== TASK ITEM ==
Your answer must be an exact copy of the listing, with the images left out.

== INFORMATION SUPPLIED ==
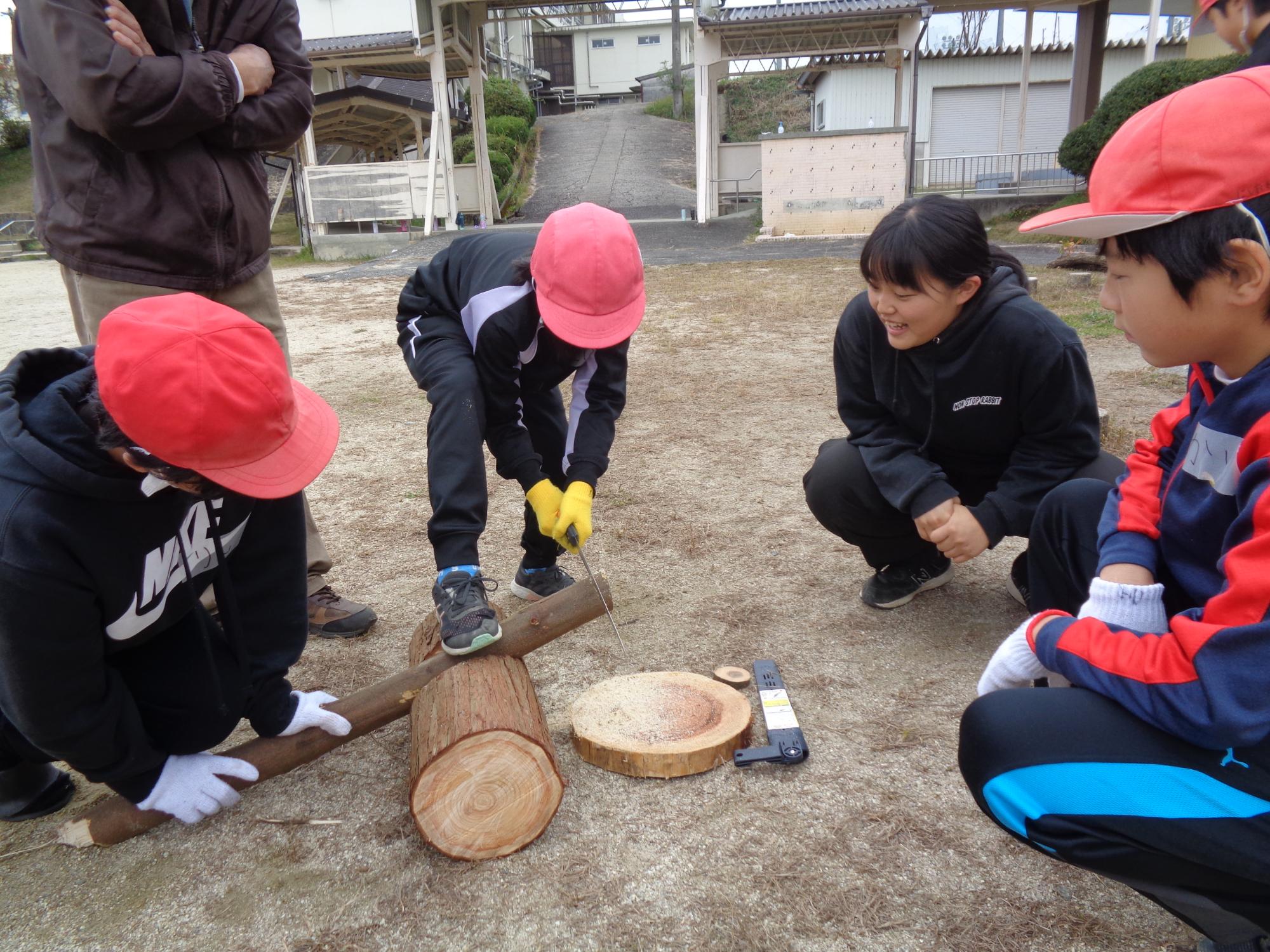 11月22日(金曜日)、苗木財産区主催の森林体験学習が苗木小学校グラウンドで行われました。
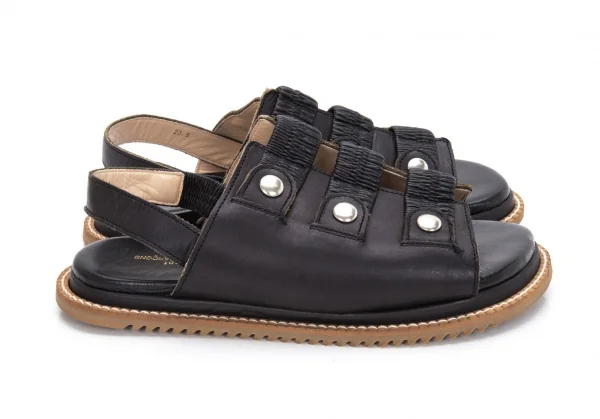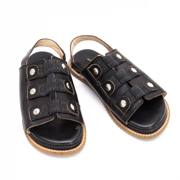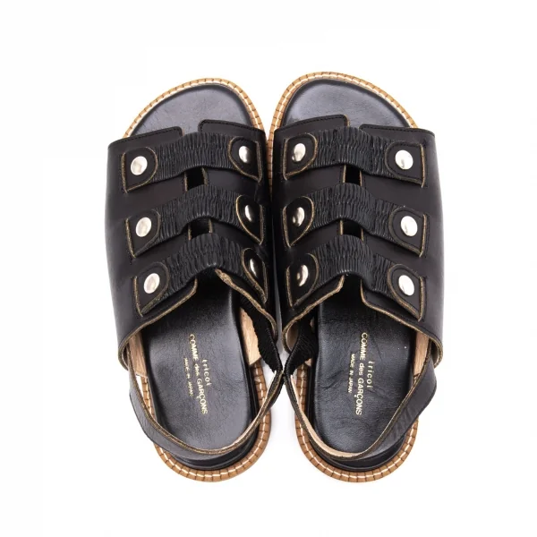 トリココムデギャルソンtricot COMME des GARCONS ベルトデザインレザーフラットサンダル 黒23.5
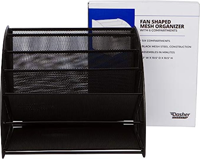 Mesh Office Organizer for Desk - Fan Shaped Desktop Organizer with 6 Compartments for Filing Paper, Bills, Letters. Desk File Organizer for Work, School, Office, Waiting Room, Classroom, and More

== ANSWER SPACE ==
 11月22日(金曜日)、苗木財産区主催の森林体験学習が苗木小学校グラウンドで行われました。
 トリココムデギャルソンtricot COMME des GARCONS ベルトデザインレザーフラットサンダル 黒23.5
 Mesh Office Organizer for Desk - Fan Shaped Desktop Organizer with 6 Compartments for Filing Paper, Bills, Letters. Desk File Organizer for Work, School, Office, Waiting Room, Classroom, and More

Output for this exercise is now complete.